So if you want to get from A to B smoothly at your chosen speed, you'll find yourself changing lanes often. Done correctly, with adequate indication (three seconds is the rule, but I like six flashes) and safe following distance, you won't annoy anybody else on the road regardless of how often you slide across.
That's not always easy in NZ because we Kiwi drivers have truly terrible lane discipline.
There are many other countries that have narrower and busier stretches of motorway than anything in NZ, yet the traffic flows much faster and more safely because everybody understands that the system hinges on drivers keeping left (or right in LHD countries of course) at all times.
Cars overtake, then they move to the inside. Immediately. Always.
If you've driven on the Autobahn in Germany, you'll no doubt have been overtaken by the odd super-hot Audi or Porsche and marvelled at the way they rocket past at 200kmh-plus… then move across to the inside straight away, even though the odds of something faster coming along are slight.

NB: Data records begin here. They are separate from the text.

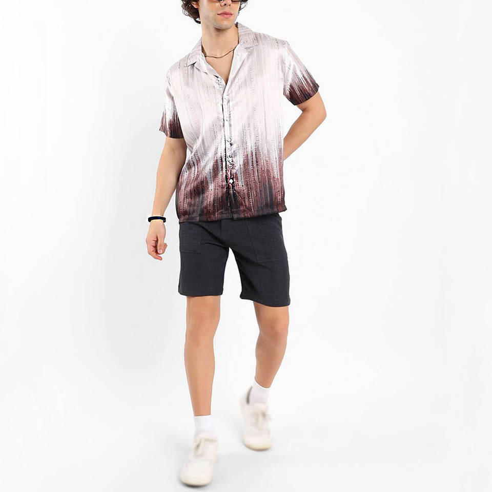 เสื้อเชิ้ตคอปกรูปตัววีสไตล์คิวบาสำหรับผู้ชาย แฟชั่นอินเทรนด์
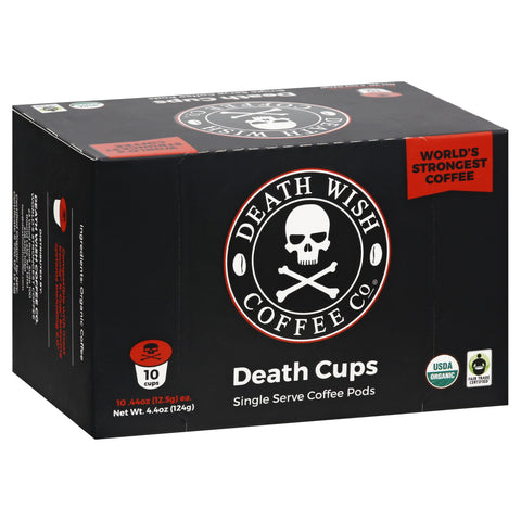 USDA Organic. Certified Organic by NFC. Fair Trade Certified. World's strongest coffee. Test your strength. For Use with: Keurig 1 & 2 Breville, Cuisinart, Mr. Coffee. The world's strongest single serve cup. Death Wish Coffee is created using the strongest possible combination of Organic and Fair Trade beans and roasting them in small batches to perfection. Death Cups use this signature blend in a convenient, single-serve cup that's both strong and, delicious. Some may say making coffee this strong is irresponsible. We like to think of it as revolutionary. Compatible with most Keurig K-Cup brewing systems including 2.0 (Compatible for use with most K-Cup brewers). World's strongest coffee. Do you have what it takes to handle a cup of the world's strongest coffee? For access to new products and deals visit deathwishcoffee.com. www.deathwishcoffee.com. Questions or comments about this product? 518-400-1050. 9 am - 5 pm EST weekdays. Recyclable capsule. Cool. Peel. Recycle. Capsule technology. Sustainable capsules in 3 easy steps: 1. Cool. 2. Peel. 3. Recycle.
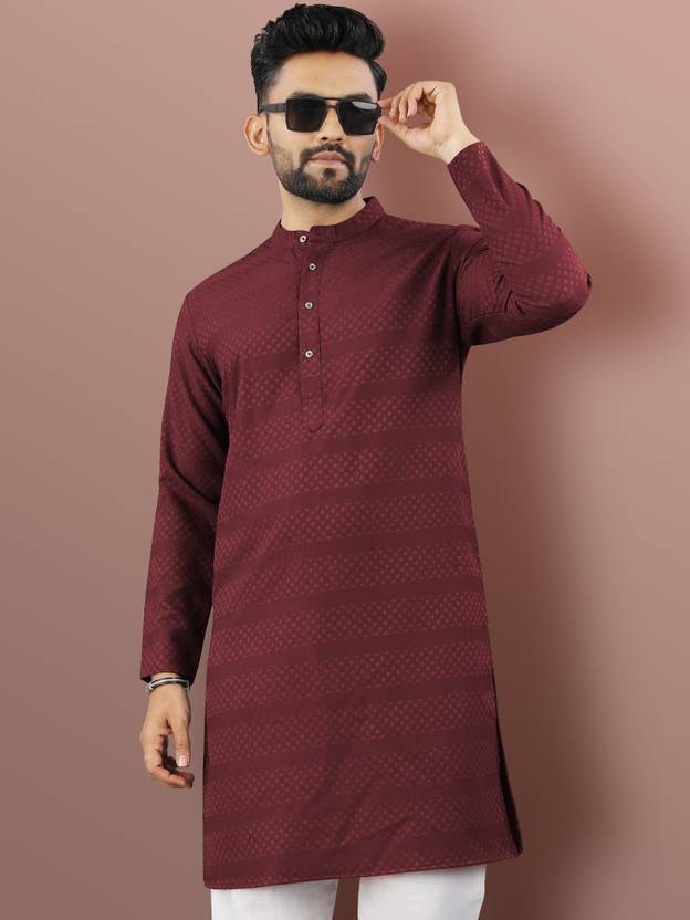 वेबनॉर पुरुषों के लिए सॉलिड स्ट्रेट कुर्ता (मैरून)

It's a beautiful thing.
If you've driven on a Kiwi motorway, you've probably noticed that drivers of all kinds meander all over the road, overtaking right and overtaking left. That's the bad kind of constant lane-changing - the Kiwi weave.
It happens partly because of that terrible lane discipline, the fact we seem to take very little pride in our driving (just as we seem to take very little pride in our cars), but also because it's not actually illegal to overtake (or 'undertake' as you might say) on the inside/left in NZ. While the The Road Code stipulates that you should overtake on the right, it also allows the option to pass on the inside if there are two or more lanes to choose from.

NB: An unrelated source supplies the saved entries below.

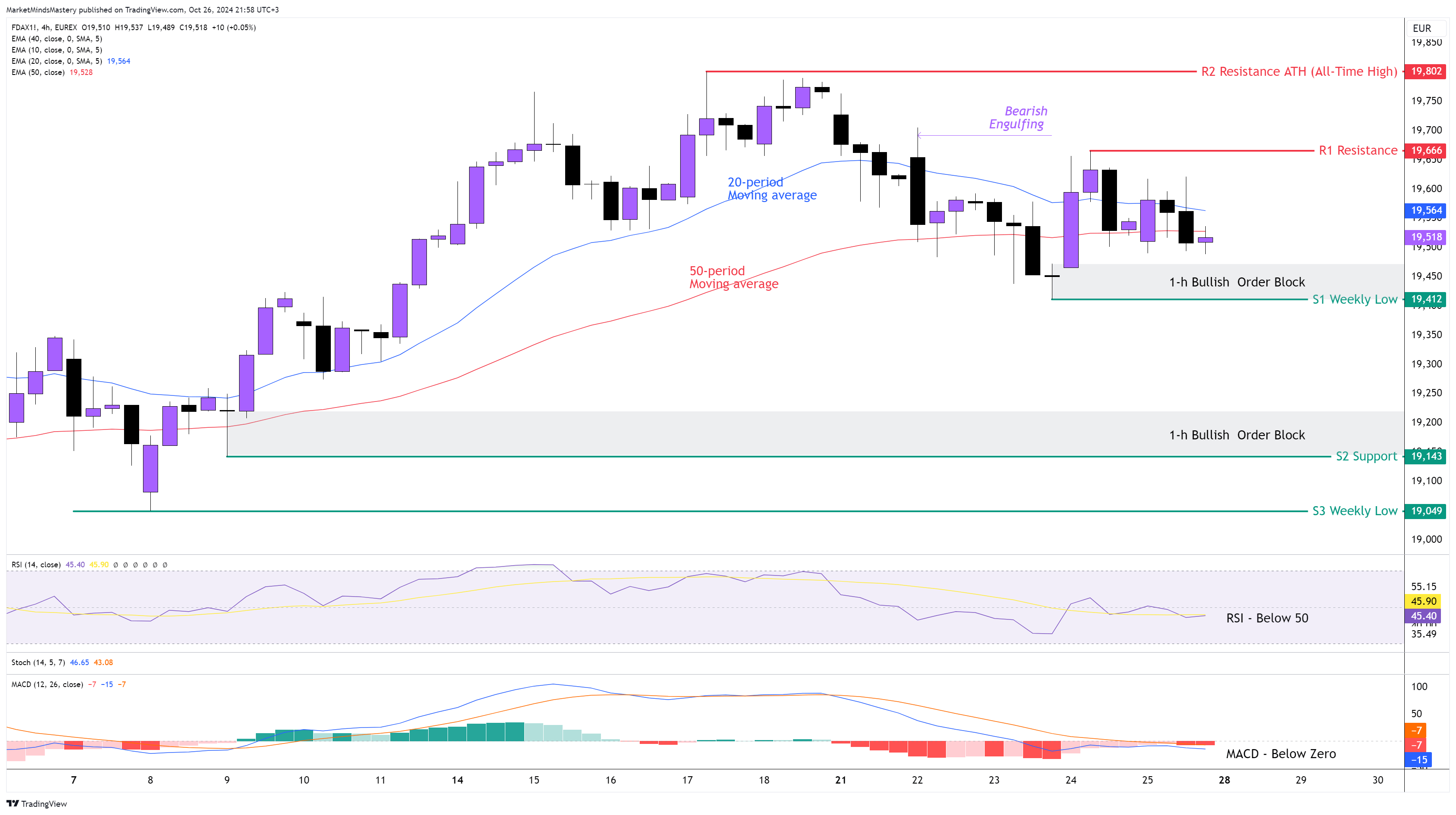 من ناحية أخرى، إذا وجد السعر الدعم وارتد وتحرك لأعلى وفقًا لتحليل المتوسطات المتحركة، ستكون منطقة المقاومة الأولى، R1، هي 19666. إذا اخترق السعر R1 واستمر في التحرك لأعلى، فإن منطقة المقاومة التالية، R2، ستكون منطقة المقاومة التالية R2 هي منطقة R1 (أعلى مستوى على الإطلاق) عند 19802، كما نشير إلى ذلك على الرسم البياني.
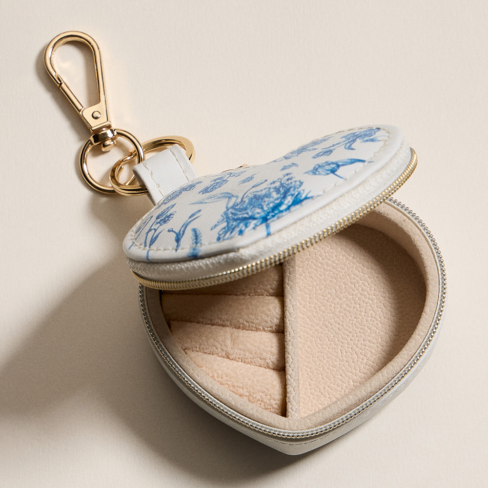 Details • Size : 3" X 2" X 1.25" • Zipper closure for secure storage • Polished gold-tone keyring with clasp hardware • Compact storage for rings, earrings & small jewelry • Ideal for travel, everyday use, or thoughtful gifts • Keep your jewelry safe and organized with this heart-shaped travel case featuring a delicate floral print. Designed with ring slots and compartments, this portable organizer includes a secure zipper closure and keychain clip, perfect for storing rings, earrings, and small accessories anywhere.
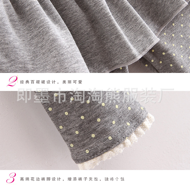 尺碼褲長身高100569511060105120641151306812514072135一款超時尚的兒童裙褲,加長版型,采用優質的純棉面料,腰間搭配蝴蝶結,褲腳蕾絲小花邊。面料圖案是經典的小圓點。

There's actually a third group of NZ drivers to discuss here that prevents the first lot of lane-changers from doing good work and encourages the second lot of weavers to behave even more badly.
I'm talking about those who don't change lanes at all, despite being very far from the left-hand side of the motorway.
If we're talking about a three-lane road, you might notice the middle 'Lane Two Owners Club' and then those on the very outside: the 'Voluntary Traffic Enforcement Unit'. These are the correct names; I know because I just made them up.
The Lane Two crowd commonly travel at 5-10kmh below the limit. I'd surmise they are stuck in the middle due to a minium of one and perhaps all three of the following reasons: they do not feel confident changing back and forth but do not want to get held up by very slow-moving traffic in the inside lane, they're really not sure where they should be, or they want to keep their options open by being able to overtake either right or left when the time comes.
The Traffic Enforcement Unit is more often than not travelling dead-on the posted limit and operating to a very specific brief: I am going as fast as the law allows, nobody should pass me therefore I should stay in the overtaking position at all times.
This is partly a result of the government-mandated national 'speed kills' obsession - which leads to the notion that as long as you're below the limit, you're driving safely - and the mentality of some that it's their job to enforce the speed limit by actively preventing others from exceeding it.
Any way you look at at, the motivations behind the Lane Two Club and Enforcement Unit are going to be somewhere on a sliding scale between fear and arrogance. Both are very dangerous. All the more reason to make a change.